The names of jurors were not released by the court, part of the secrecy promised by the judge last summer. Eleven agreed to speak to reporters, although they declined to give their names and refused to be interviewed by TV crews.
The trial occurred at a time of extraordinary crisis in Detroit. Population has fallen 25 percent to 700,000 since 2000. Public finances are in the red for billions of dollars, mostly future pension obligations. Half of property owners are overdue with their property taxes. Meanwhile, Michigan Gov. Rick Snyder could appoint an emergency financial manager in a matter of days, making Detroit the largest city in the country to be taken over by state government.
Detroit's woes were decades in the making. But Kilpatrick's crimes certainly fueled perceptions that he and his staff were far adrift, selfishly lining their pockets, while the city slipped even further.
Detroit's budget deficit topped $300 million by 2008 when Kilpatrick was forced out in a different scandal, a series of lies to cover up an extramarital affair with a top aide.
The current mayor, Dave Bing, said the verdict would allow the city to move from "this negative chapter in Detroit's history."
Andre Falconer, a 43-year-old plumber, said Kilpatrick is yet another politician who betrayed the public.
"Everybody should be held responsible for what they do," Falconer said. "Kilpatrick's case doesn't reflect on Detroit, but reflects on his inability to perform the tasks he was elected to do. He didn't have the maturity."
McQuade hopes the case means a new day for the city.
"I hope it sends an important message ... so that businesses will want to come do business here. So that honest politicians will want to serve as the mayor here. So that people will want to work for city government without fear of being compromised," the prosecutor told reporters.
U.S. District Judge Nancy Edmunds said the jury finished its work Friday, the 14th day of deliberations, but wanted to go home for the weekend before announcing the results Monday.
"They said they wanted to sleep on it. ... I had a sense of what the verdict was," Edmunds told reporters.
Kilpatrick declined to comment outside court after days of regularly posting upbeat messages to his Twitter followers.
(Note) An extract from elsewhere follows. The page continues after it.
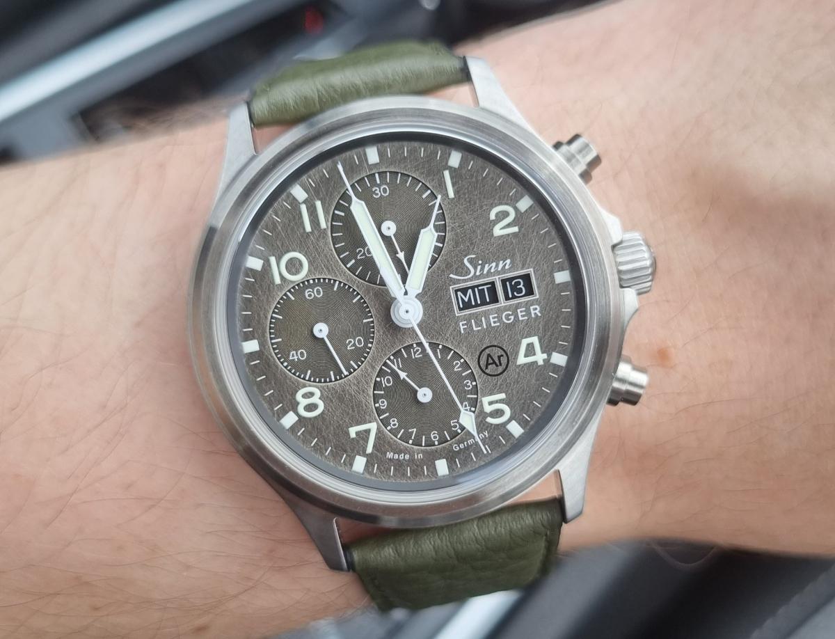 Seit ein paar Tagen bin ich ganz begeistert von der Sinn 358 DS, an der ich ein khakifarbenes Lederband montiert habe. Trägt sich wunderbar, toll ablesbar, eine interessante, jedoch nicht zu aufdringliche Farbgebung, die darf bleiben. 😊

Defense attorney James Thomas said the former mayor spoke by phone to his wife, Carlita, in Texas.
"He's a pretty strong individual. He doesn't show his emotions very easily," Thomas said when asked how Kilpatrick was holding up.
Kilpatrick's father, Bernard, also was charged as part of the racketeering conspiracy. The jury, however, couldn't reach a consensus and convicted him only of submitting a false tax return. The Kilpatricks hugged twice after the verdict, with the son appearing to console his sobbing 71-year-old dad.
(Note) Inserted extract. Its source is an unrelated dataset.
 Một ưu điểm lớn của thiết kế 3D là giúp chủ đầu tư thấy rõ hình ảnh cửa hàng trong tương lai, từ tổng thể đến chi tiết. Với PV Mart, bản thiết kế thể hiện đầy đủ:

Kwame Kilpatrick, who now lives near Dallas, declined to testify. He has long denied any wrongdoing and even declared before trial that he wasn't going to prison. Thomas told jurors that his client had access to loads of money because city workers and political supporters showered him with cash during holidays and birthdays.
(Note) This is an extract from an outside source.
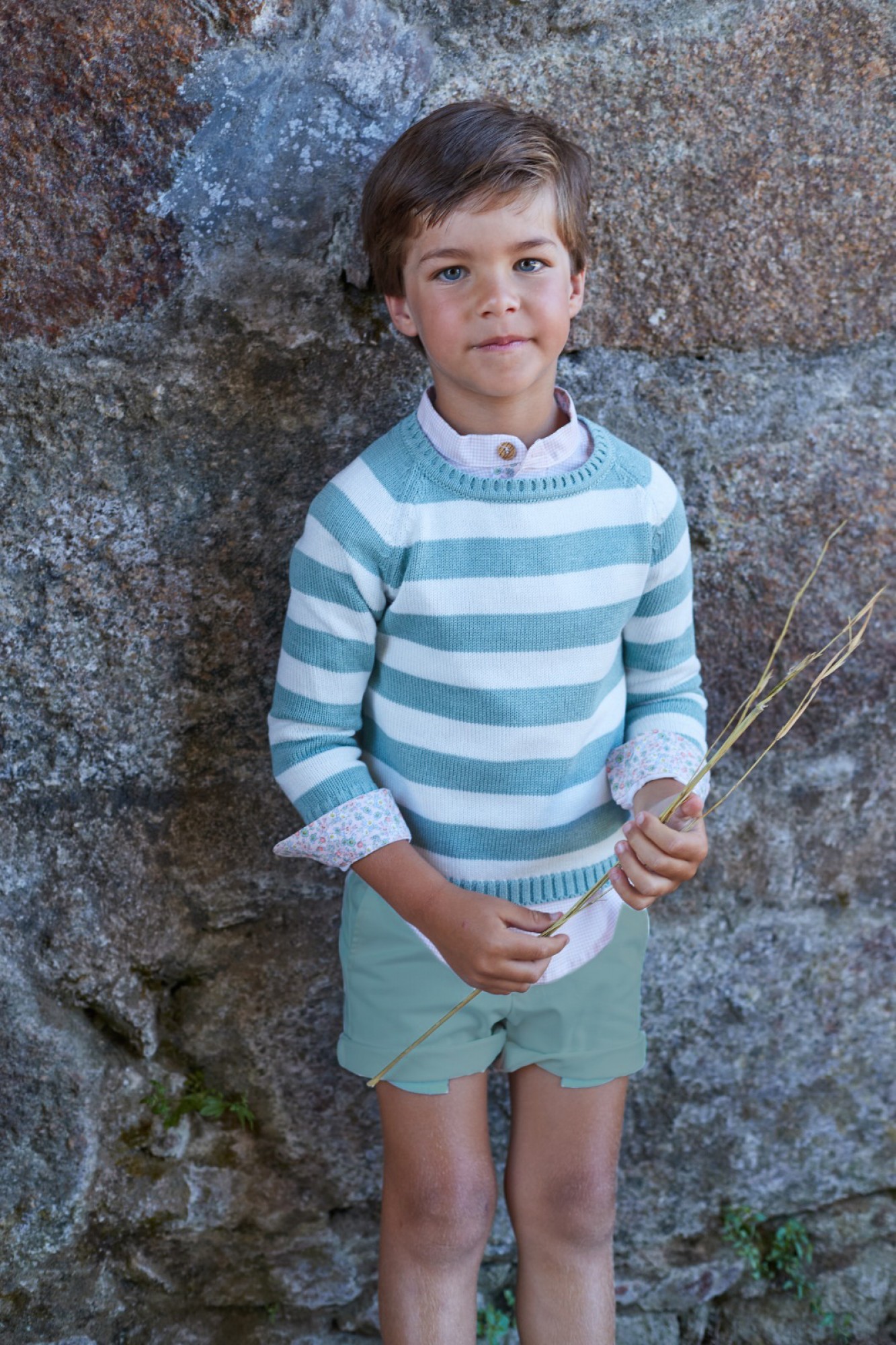 Camisa con pantalón y jersey. La camisa es de cuadrito vichy rosa palo con el pantalón de loneta en verde seco y jersey en punto de verano verde y blanco

The government also said Kilpatrick abused the Civic Fund, a nonprofit fund he created to help distressed Detroit residents. There was evidence that it was used for yoga lessons, camps for his kids, golf clubs and travel.
Kilpatrick was elected in 2001 at age 31. He resigned in 2008 and pleaded guilty to obstruction of justice in a different scandal involving sexually explicit text messages and an affair with his chief of staff.
The Democrat spent 14 months in prison for violating probation in that case after a judge said he failed to report assets that could be put toward his $1 million restitution to Detroit.
Voters booted his mother, Carolyn Cheeks Kilpatrick, from Congress in 2010, partly because of a negative perception of her due to her son's troubles.